初めて来た時から2年ほど経っており、話は聞いていたが清子さんがどれだけ変わったか?私は知らなかった。
『久しぶりー』と陽気な倫太郎の横に朗らかな顔した、風吹ジュン風の女性が立っていた。
小声で『倫太郎、また新しい客か?』
『え??清子さんやで前に会ったやろ???』
私は度肝を抜いた。 骨皮筋子のようにガリガリで、目はギラギラしておばさんパーマだった清子さんが、今では妖艶なる雰囲気の豊満な女性に代わっていたのだ。
『り倫太郎。。。めっちゃくちゃ綺麗になったやんか。。。』
『え??俺?抜けたやろ!! あははは派』
『あんたちゃうねん。清子さんよ!!!』
『ご無沙汰しています。お元気でしたか?』
もうその顔は仏のように穏やかで、そしてとってもチャーミングな女性に変貌を遂げていた。

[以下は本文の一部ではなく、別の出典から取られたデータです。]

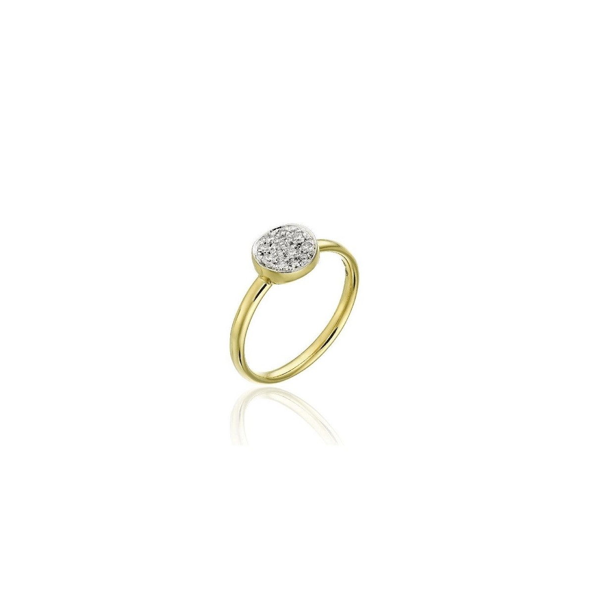 Anello donna Chimento solitario della collezione Armillas Glow, realizzato in oro giallo 18 kt lucido con tanti piccoli diamanti naturali che sprigionano una luce ipnotica.
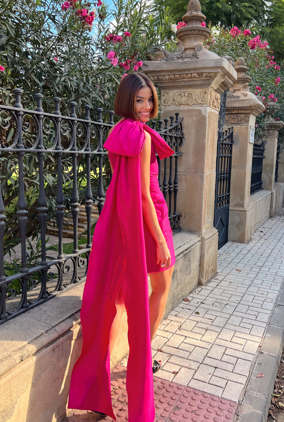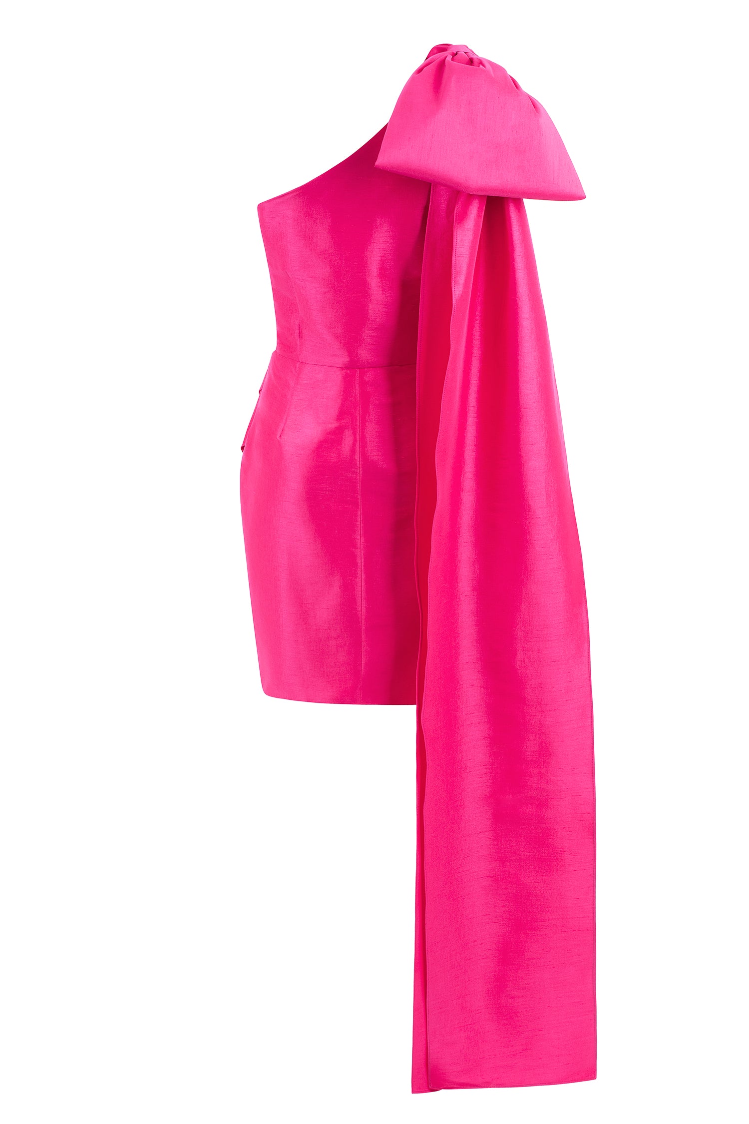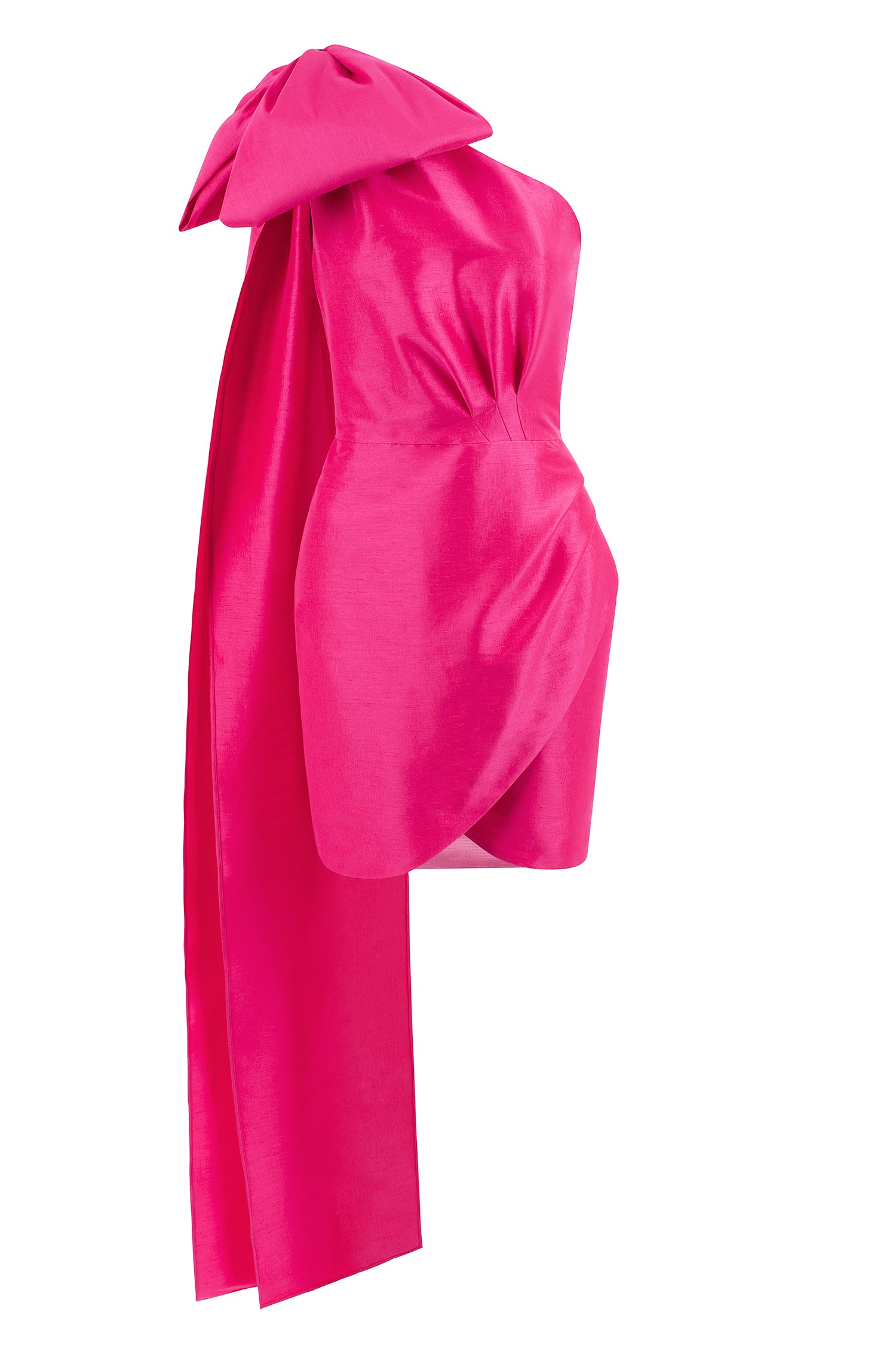 The striking contrast between the short-length dress and the dramatic oversized bow, which extends beyond the silhouette, creates an unforgettable visual impact.

『元気でした。清子さんめちゃくちゃ綺麗になりましたね』
『いやーそんなこと言われても、何も出ないわよー』
ハニカミながら話す清子さんがとっても可愛く見えた。
『俺が最後やからって言ったら、清子さんがどうしても会いたいわって連れてきたんよ』
『長い間彼には本当に良くしてもらって、感謝が尽くしたりないからね。彼の周りの人にも感謝を伝えたくて来たのよ』
『そうでしたか。清子さんもいつまでもお元気でそして綺麗でいてくださいね』
『そうね、これからだもんね。人生は』
壮絶な人生を生きてきた清子さん。
旦那さんに割り箸で刺された傷跡は痛々しく残っていたが、そんな傷も跳ね返すくらい、綺麗で可愛くなっていた。
倫太郎が話した
『あのな、女の人は一生愛されなあかん。 そしてセックスはしといた方がいい。絶対に。俺が保証する。 そうやって安心感の中で生きていけば、どんどん綺麗になっていくからな。』
あの時はこんなに変わる清子さんがいるから言えたんだと気づかなかった。
『俺らこれからバリ島に行ってくるわ。
『これで最後の旅行になるかもしれないからね。バリ島は』
二人はにこやかにさよならを告げて出ていった。
その後ろ姿は、とっても素敵なカップルにも見えたし、同志にも見えた。
倫太郎は清子さんに生かされ。 清子さんは倫太郎に生かされた。
『いってらっしゃい!!ずっとお元気で!!』
私は大きなエールを二人に送っていた。